_ACTIVITY_
Write out the line that holds "[ca. 1885]. Oblong" together with every line that follows it to the end of the material below, exactly. Omit the pictures.

_STORED DATA_
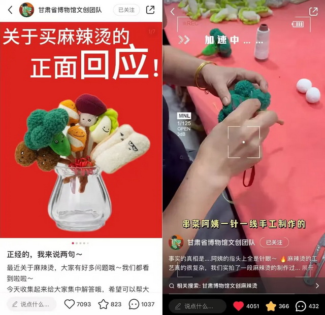 这一点,甘肃省博物馆就做得比较好,在甘肃麻辣烫文创缺货时,及时发布视频告知顾客“串菜”阿姨手工制作过程的不易,既安抚了顾客,又传递了工匠精神,收获了一波好感。
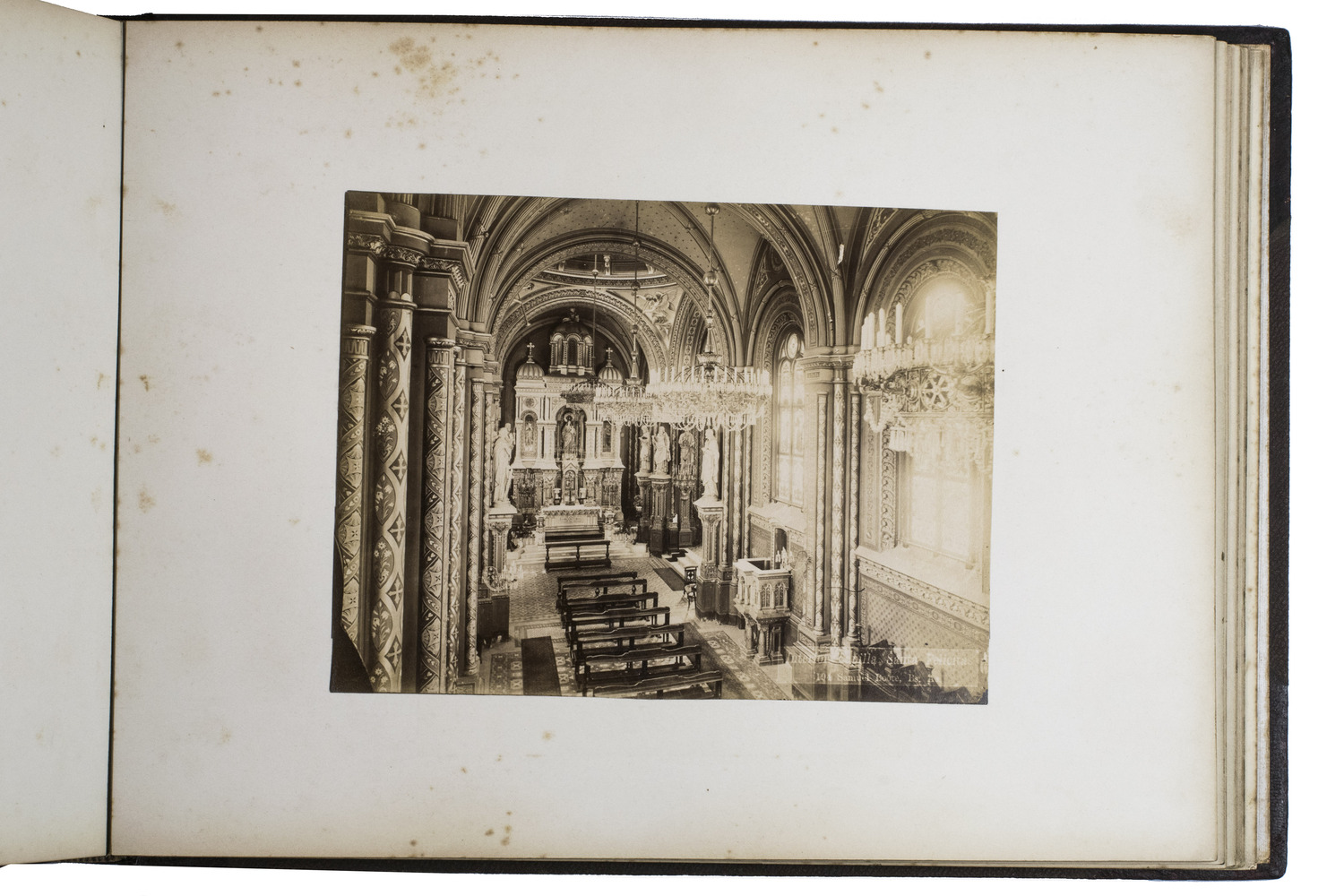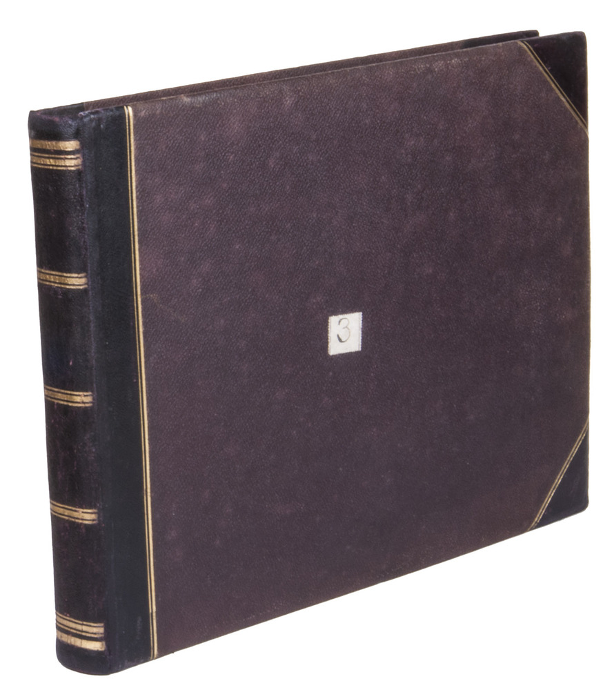[ca. 1885]. Oblong (ca. 38 x 27.5 cm). With 20 albumen prints, 43 plates (engraved and lithographed), and 3 drawings. Contemporary gold-tooled dark purple quarter morocco, brownish-purple pebble-grain cloth sides, with a paper label ("3") mounted on the front. [31] ll.
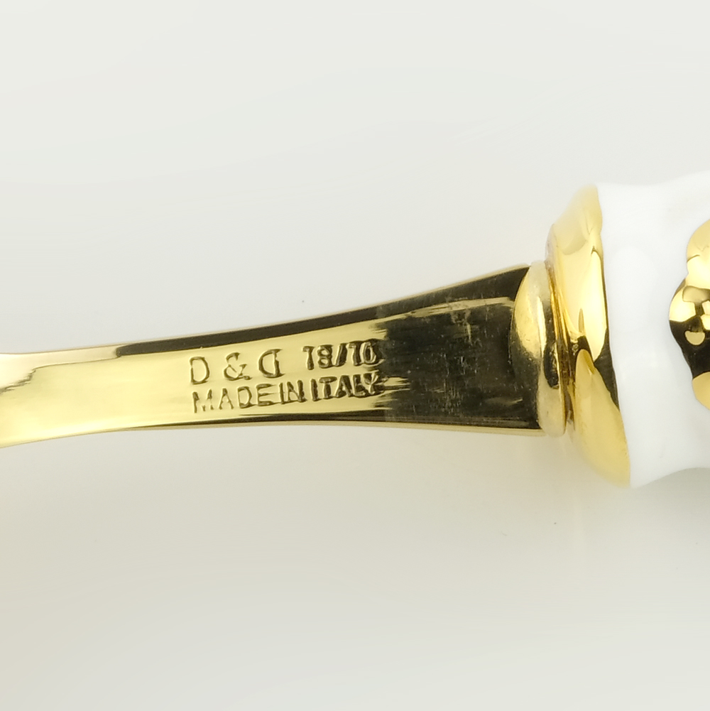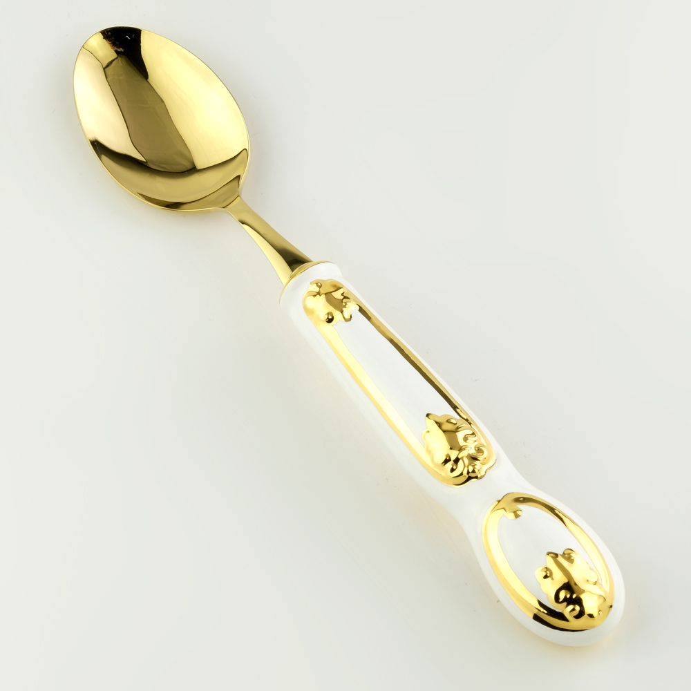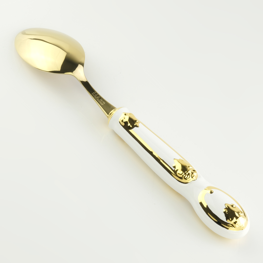 PRIMAVERA Cucchiaio con decorazione, ceramica / acciaio inox, Colore Bianco, Decorazione oro

_EXERCISE SOLUTION_
[ca. 1885]. Oblong (ca. 38 x 27.5 cm). With 20 albumen prints, 43 plates (engraved and lithographed), and 3 drawings. Contemporary gold-tooled dark purple quarter morocco, brownish-purple pebble-grain cloth sides, with a paper label ("3") mounted on the front. [31] ll.
 PRIMAVERA Cucchiaio con decorazione, ceramica / acciaio inox, Colore Bianco, Decorazione oro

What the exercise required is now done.